─── DATASET EXTRACT

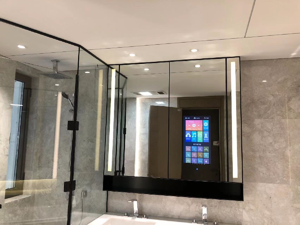 智能魔鏡魔鏡正面有雙麥MIC麥克風采音,內置AI智能語音助手。從選播音樂、看視頻、讀新聞到控制家電設備都可實現全語音控制。可聯動家中的智能設備,通過觸控或語音即可輕松控制燈光、音樂、空氣、熱水、門禁等設備。
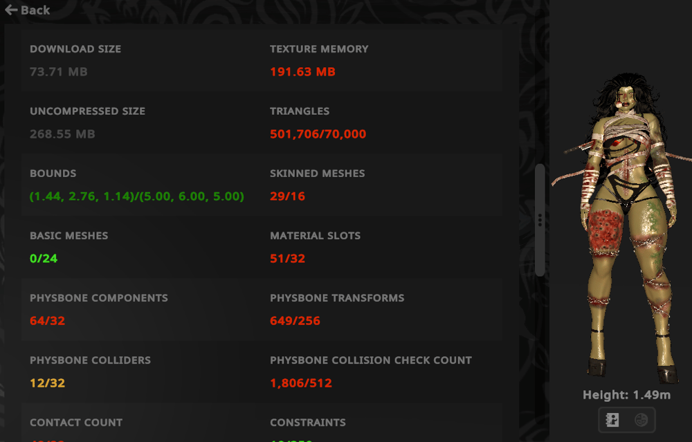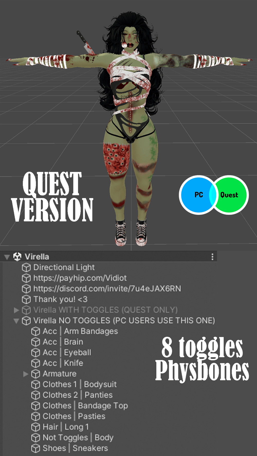Head ☠︎︎ Body ☠︎︎ Arm bandages ☠︎︎ Barb Wire + Leg Chains ☠︎︎ Brain ☠︎︎ Broken bones ☠︎︎ Earrings ☠︎︎ Eyeball ☠︎︎ Nails ☠︎︎ Knife ☠︎︎ Bodysuit ☠︎︎ Jorts ☠︎︎ Bandage Top, Dangle Bandages ☠︎︎ Dress, Bra, Panties, Belt, Leg Bandages ☠︎︎ Pasties ☠︎︎ Braids ☠︎︎ Long 1 ☠︎︎ Long 2 ☠︎︎ Ponytail ☠︎︎ Short ☠︎︎ Heels ☠︎︎ Sneakers ☠︎︎ Beating Heart ☠︎︎ SPS ☠︎︎
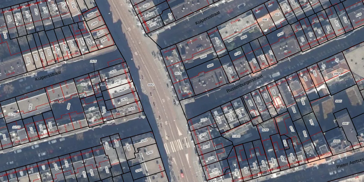 Het adres ligt op het perceel ASD18-V-9575, dat zich in de kadastrale gemeente Amsterdam bevindt. Het perceel is kleiner dan gemiddeld in Amsterdam. Het perceel is 283 m² groot, terwijl het gemiddelde ligt op 559,23 m². Het kleinste perceel in de kadastrale gemeente is 0 m² groot. De grootste perceeloppervlakte is 12,5 ha. Op het perceel zijn 13 adressen aanwezig. De laatste wijziging in het de Basisregistratie Kadaster (BRK) was op 17-10-2006.
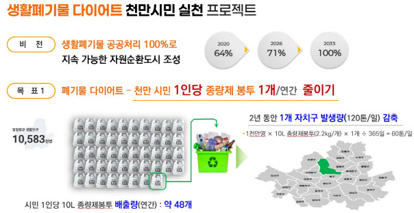 서울시는 26일 생활폐기물 다이어트를 이달부터 추진한다고 밝혔다. 이는 2020년 64% 수준인 생활폐기물 공공처리 비율을 2033년까지 100%로 늘리기 위한 것으로 1000만 시민 1명당 연간 종량제 봉투를 1개씩 줄이는 프로젝트이다. 현재 서울 시민 1인당 연간 배출하는 종량제봉투(10ℓ 기준)는 약 48개다. 인구 1000만명을 기준으로 보면 하루 60t의 쓰레기 감량 효과가 있다. 이는 2년간 자치구 1개에서 매일 나오는 생활폐기물 발생량(120t)의 절반 수준이다.
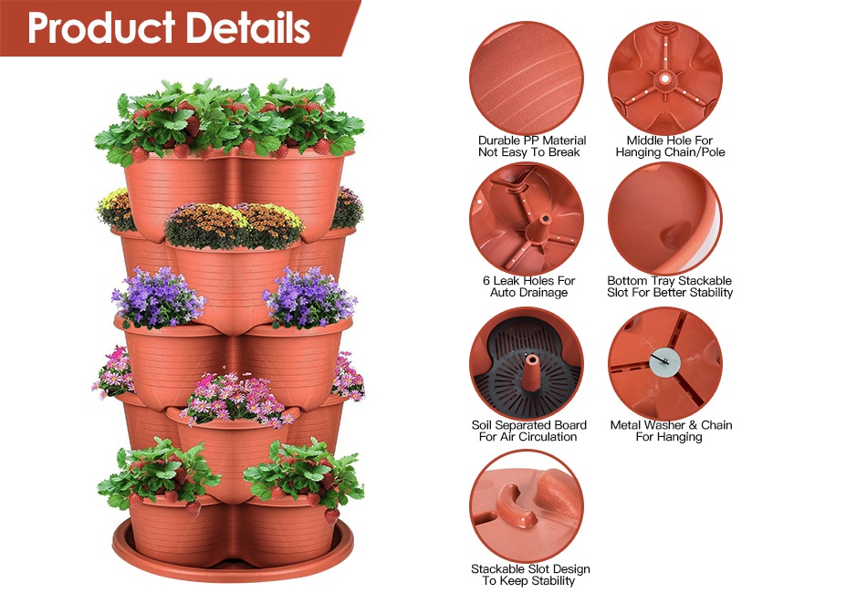 Do you want to create a small flower/vegetable garden of your own on the balcony and want to have a good harvest at home in all seasons? Our 5-tier stackable planter is a best choice for you! Vertical design makes it occupy small space but can grow more plants/flower! Each flower pot features 6 drainage holes on the bottom, which allows the excess water to leak to the lower flower pot automatically, great to keep your plants/flowers moisture as well as conserve and retain water. Besides, the bottom tray can keep your floor dry and clean. You can stack it to 2/3/4/5 tier as you need, hang it to anywhere, or string them on a small cylindrical rod for use. Take it home now and grow your favorite plants, flowers, fruits, vegetables and other herbs you want!
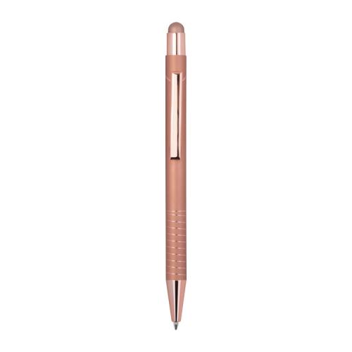 Ballpoint pen with integrated touch pen for smartphones and tablets. Features a glossy color-mirror finish, blue ink.
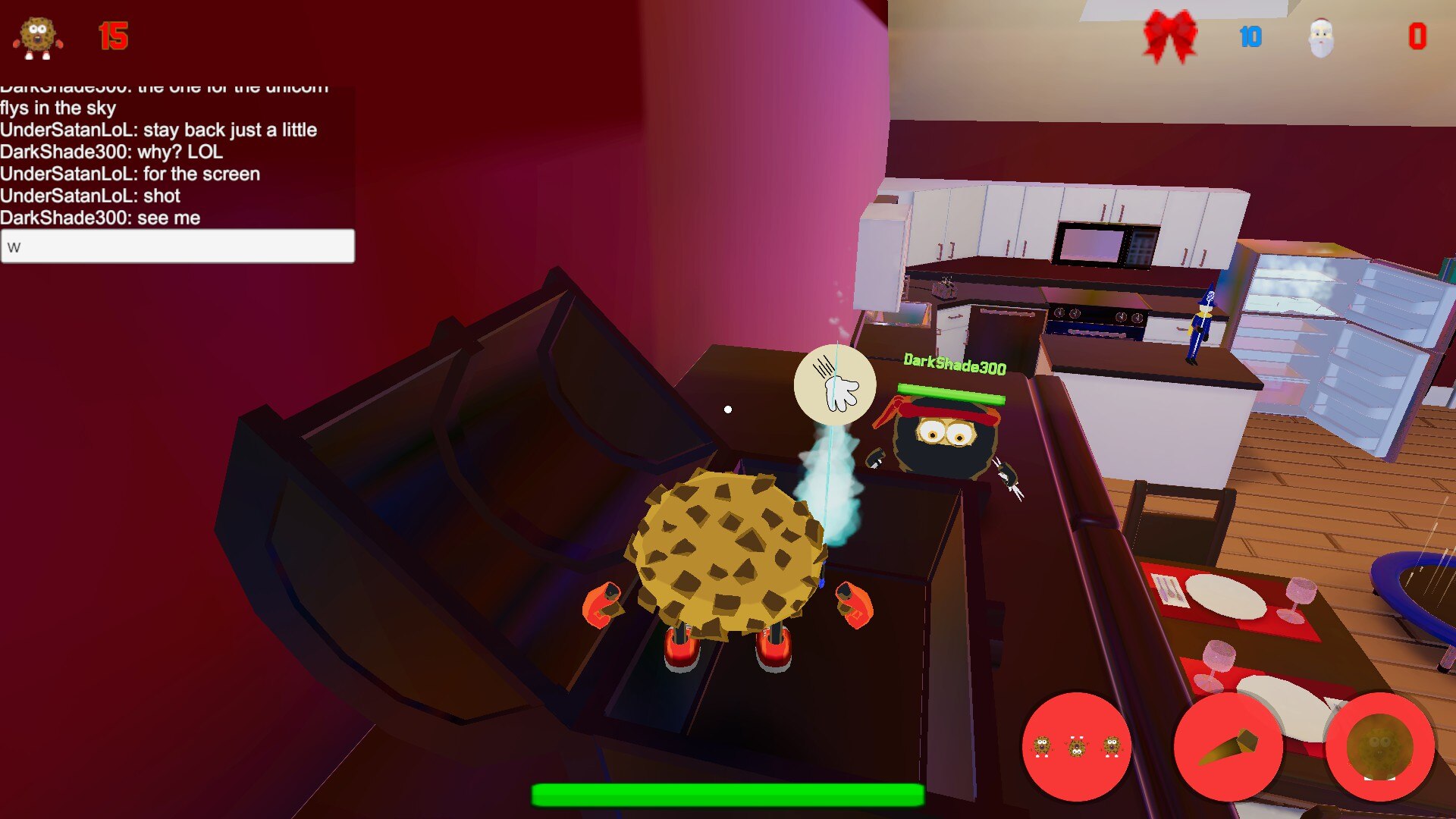 Бой проходит на трех картах - "Рождественский дом", "Северный полюс" и "Бухта печенья", каждая из которых наполнена интерактивными игрушками и бонусами, позволяющими управлять самолетами, танками и эльфами во время боя. Игроки могут настраивать свои печенья с помощью различных скинов, чтобы персонализировать своих пряничных воинов. В игре доступны как одиночный, так и многопользовательский режимы с возможностью подбора карт и режимов, а также пользовательские опции игры для личных матчей с друзьями или тренировки ботов. Игра представляет собой легкомысленный поворот к соревновательным шутерам, превращая праздничный сюжет в удивительно тактические боевые сценарии.
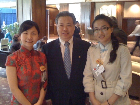她們的熱情服務(wù)很快就吸引了中國代表團(tuán)成員以及中國駐美使館官員們的注意。使館官員對她們的服務(wù)非常滿意,專程代表周文重大使對她們不辭勞苦的志愿服務(wù)表示感謝。中國駐紐約總領(lǐng)事彭加玉還專門駐足在展臺前,與她們親切交談,并與她們合影留念。在得知這些志愿者沒有飯吃的消息后,使館官員還自掏腰包,解決了幾位志愿者的飲食問題。這樣,中國來的志愿者就成了所有志愿者中最讓人羨慕的一組,因?yàn)樗麄兛梢韵碛煤虶20峰會官員一樣的就餐待遇。
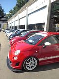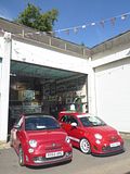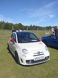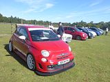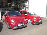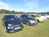 The vast majority of cars here were the 500-based models which have been on sale now since the end of 2008, following a launch at the Paris Show that year. Since that time there have been a number of detailed changes to the standard cars and a lot of limited editions. Those who really know the marque can spot most of them, but some are so subtle that unless there is a badge you can see, you will not be quite sure which version you are looking at. It used to be relatively easy, when the model was first launched, as there was only one version as shipped ex works called the 500. It had a 135 bhp 1.4 litre turbo-charged engine coupled to a five speed manual gearbox, with 16″ alloys as standard, and the option of 17″ wheels, and a colour palette comprising of two whites (BossaNova White, the standard colour, or the pearlescent Funk White), Red (Pasadoble), Pale Grey (Campovolo) or Black. If you wanted more power – 160 bhp – then you could order an Esseesse kit, which came in a large wooden crate, containing new wheels, springs, an ECU upgrade, the Monza exhaust system and badging. It was dealer fitted and could be applied at any time within the first 12 months or 10,000 miles from registration. Needless to say, it proved popular. As were many of the optional extras, with stickers for the sides, a large scorpion for the bonnet and even a chequered pattern for the roof among the personalisation options offered. Of the earliest cars here, there was the 500 Esseesse belonging to Richard and Mandy Newland, the somewhat modified/personalised Pasadoble Red car of Paul Hatton and David Robinson’s car which is a Series 1 car even though he has made some of the visual changes which were introduced on later factory models.
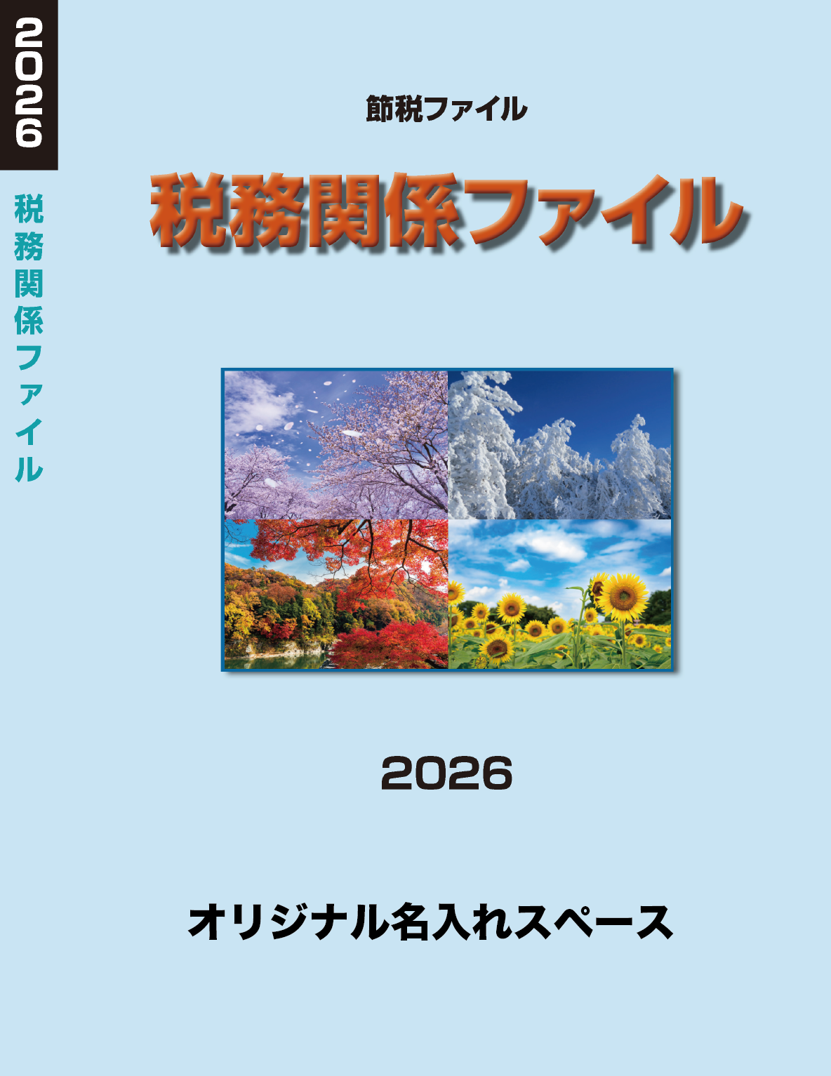 袋には備忘録として税のカレンダーや簡単なメモが記入できる簡易ダイアリーが付いています。さらに、ファイルのウラ表紙面には団体名称が入れられ、会員向けのオリジナルアイテムとしてご利用頂けます。
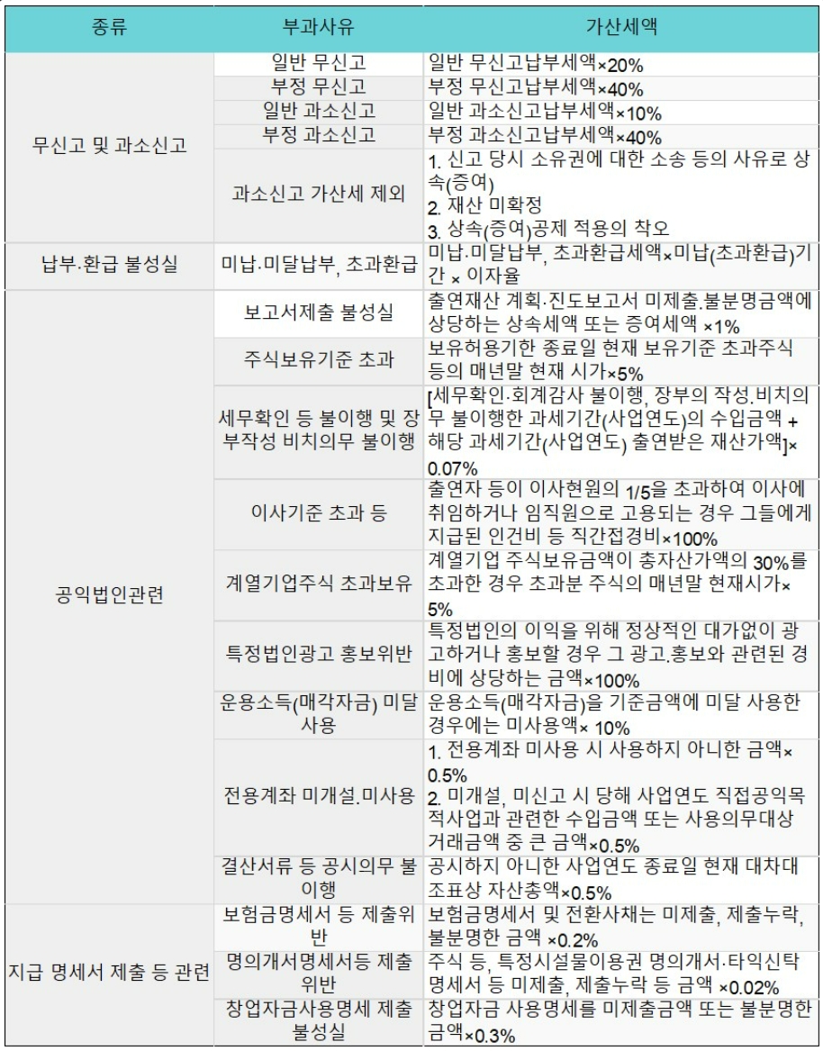 아래표는 무신고하거나 과세신고할 경우 증여가산세로 확인하여 제대로 납부하는 것을 권장드립니다.

──────

_WORK TASK_
Please copy exactly the lines from the one containing "袋には備忘録として税のカレン" through the end of the records above, leaving out every picture.

_SOLUTION TO THE PROBLEM_
 袋には備忘録として税のカレンダーや簡単なメモが記入できる簡易ダイアリーが付いています。さらに、ファイルのウラ表紙面には団体名称が入れられ、会員向けのオリジナルアイテムとしてご利用頂けます。
 아래표는 무신고하거나 과세신고할 경우 증여가산세로 확인하여 제대로 납부하는 것을 권장드립니다.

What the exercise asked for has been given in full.